Senate Minority Leader Chuck Schumer is making a courtroom analogy for impeachment: He’s just a juror, trying to keep his head down.

Schumer in Central New York on Monday declined to take a specific stance on whether President Donald Trump should be impeached, insisting the Senate’s literal role in the process is to act as a jury.

Schumer has said he wants the members of the Democratic caucus in the Senate to do the same.

“Don’t take a position now,” he told reporters. “A good conscientious juror doesn’t take a stand, they wait until all the facts are presented. That’s what I am doing and I believe every senator, Democratic and Republican, should do the same.”

House Speaker Nancy Pelosi, Schumer said is “a prosecutor. I’m a juror. I’m not saying anything. I’m not commenting on the specifics.”

This is stretched analogy only partially true: The House of Representatives is similar to a grand jury in impeachment proceedings, voting to forward articles of impeachment in a similar way that a grand jury approves an indictment.

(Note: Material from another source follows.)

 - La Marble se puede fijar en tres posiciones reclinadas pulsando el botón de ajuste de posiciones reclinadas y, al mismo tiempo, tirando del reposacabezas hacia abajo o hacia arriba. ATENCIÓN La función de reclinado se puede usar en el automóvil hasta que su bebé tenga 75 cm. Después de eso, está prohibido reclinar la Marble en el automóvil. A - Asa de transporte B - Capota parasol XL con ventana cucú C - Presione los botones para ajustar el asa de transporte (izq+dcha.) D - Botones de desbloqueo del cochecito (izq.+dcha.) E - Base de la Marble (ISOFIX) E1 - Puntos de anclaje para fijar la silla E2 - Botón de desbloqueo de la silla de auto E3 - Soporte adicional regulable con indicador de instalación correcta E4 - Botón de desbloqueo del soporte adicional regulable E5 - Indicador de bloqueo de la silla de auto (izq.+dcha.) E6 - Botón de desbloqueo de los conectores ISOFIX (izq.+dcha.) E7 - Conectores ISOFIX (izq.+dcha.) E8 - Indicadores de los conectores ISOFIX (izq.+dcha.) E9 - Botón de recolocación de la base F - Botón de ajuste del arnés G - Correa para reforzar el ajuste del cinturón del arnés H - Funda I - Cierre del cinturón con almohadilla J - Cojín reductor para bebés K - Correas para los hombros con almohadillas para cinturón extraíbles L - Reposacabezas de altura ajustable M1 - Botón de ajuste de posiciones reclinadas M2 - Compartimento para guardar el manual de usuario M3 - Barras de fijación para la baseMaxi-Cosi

An impeachment trial is held in the Senate, where senators vote on whether to remove the president from office. Senators and House members can also act as lawyers to defend or prosecute the president.

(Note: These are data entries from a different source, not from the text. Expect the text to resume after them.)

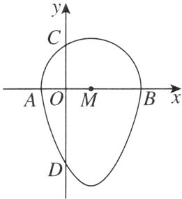 3. 如图,我们把一个半圆与抛物线的一部分围成的封闭图形称为“果圆”. 已知点$A$,$B$,$C$,$D$分别是“果圆”与坐标轴的交点,抛物线的表达式为$y=\frac{1}{2}x^{2}-2x - 6$,$AB$为半圆的直径,$M$为圆心,则这个“果圆”被$y$轴截得的“弦”$CD$的长为_______.
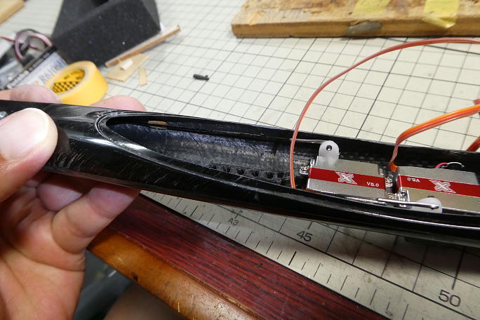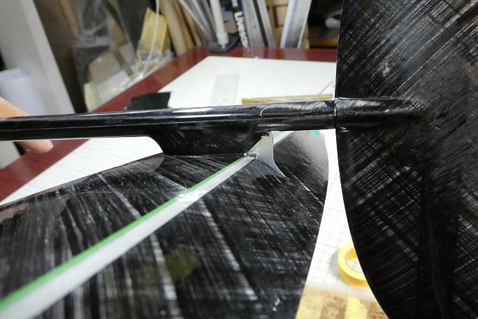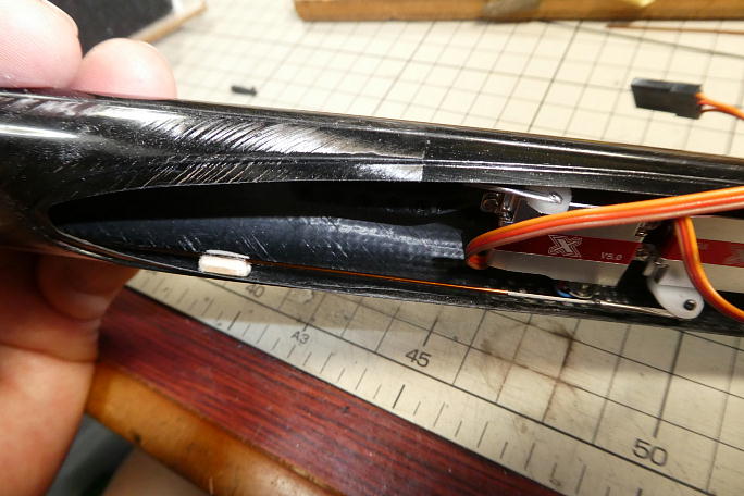 ![]() リンケージの振れ止め馬です。 サーボホーンの位置の関係で、ラダー側とエレベーター側で形状が異なります。 こちらはラダー用の馬で、3ミリバルサから削り出しています。 こちらはエレベーター側の馬で、1.5ミリバルサからの削り出しです。 ![]() エレベーター用の馬の接着位置です。 ![]() ラダー用の馬の接着位置です。 ![]() エレベーターリンケージの様子です。 ホーンを外して目一杯エレベーターをダウンにしています。 ここまで下げると、 マウント内に隠れているリンケージを見ることが出来ます。 ![]() ラダー側のリンケージの様子です。 ニュートラルでは少しカーボンロッドが反っています。 |
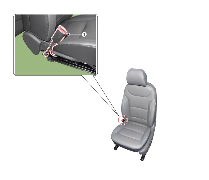 Replacement1.Remove the front seat belt upper anchor.(Refer to Front Seat Belt - "Front Seat Belt Pretensioner")2.After loosening the mounting bolts, remove the height adjust (A).
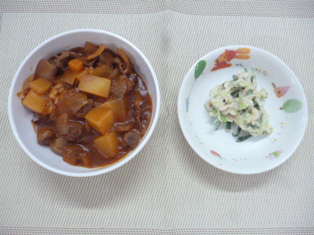 今日の給食は「ハヤシライス」と「ツナサラダ」
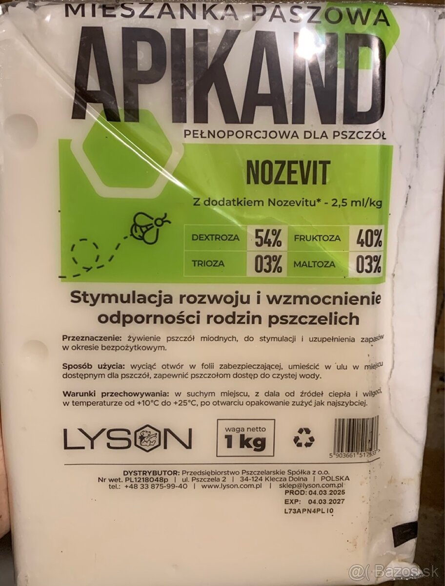 Predám plnoporčné krmivo pre včely Apikand s Nozevitom od značky LYSON.
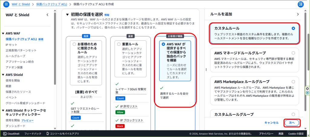 初期の保護は「お客様が構築」を選択→「カスタムルール」を選択→「次へ」をクリック。
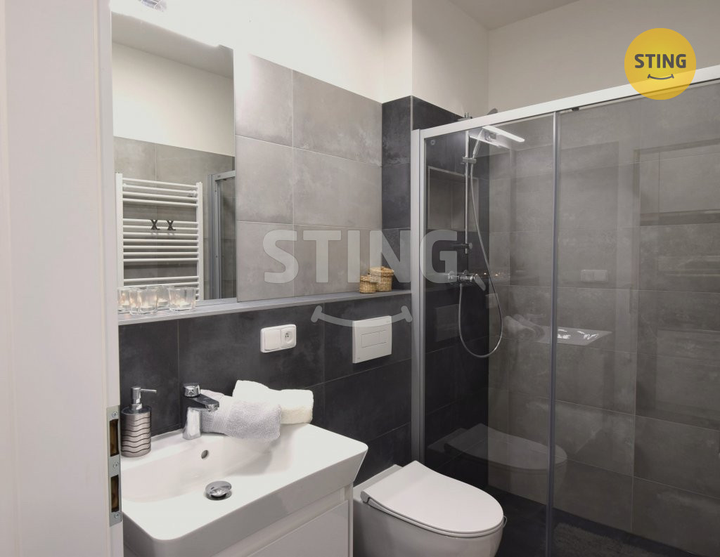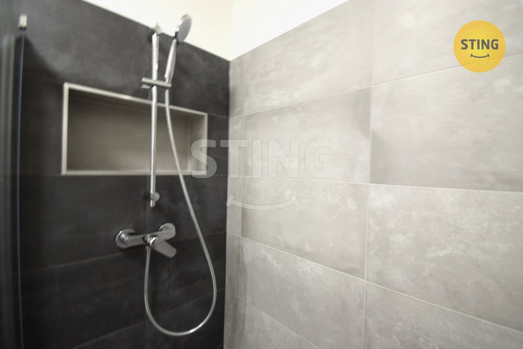 Koupelna je vybavena zaskleným sprchovým koutem, otopným žebříkem a je
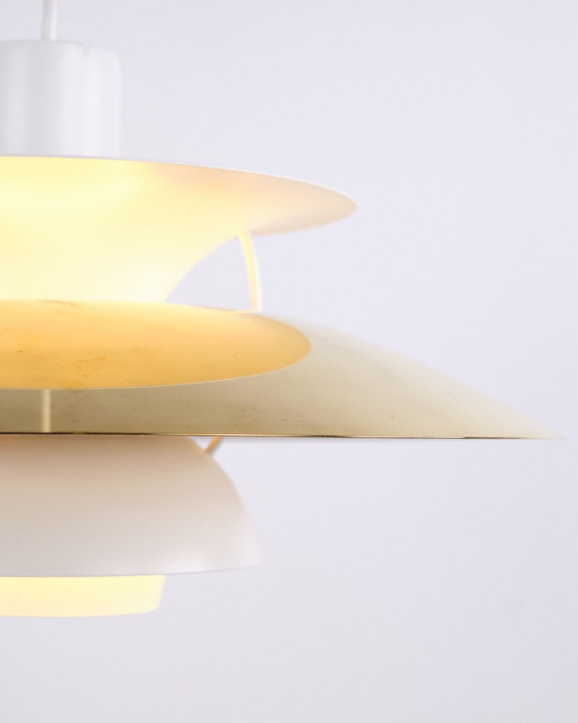 PH 5 pendel i messing fra Louis Poulsen designet af Poul Henningsen. Klassisk dansk lampe med blændfrit og funktionelt lys.

Either way, Schumer said he approved of Pelosi’s handling of the events as they unfold, with Trump accused of seeking to pressure foreign governments to investigate Democratic presidential candidate Joe Biden.

“I think Nancy Pelosi is pursuing it in the right way,” Schumer said. “She’s trying to be fact-driven.”

And either way, Schumer is treading very cautiously on the impeachment question. In a way, he can afford to: It’s not up to minority Senate Democrats to impeach. Should it reach that point, focus will turn to the Senate and whether there are the votes to remove the president from office.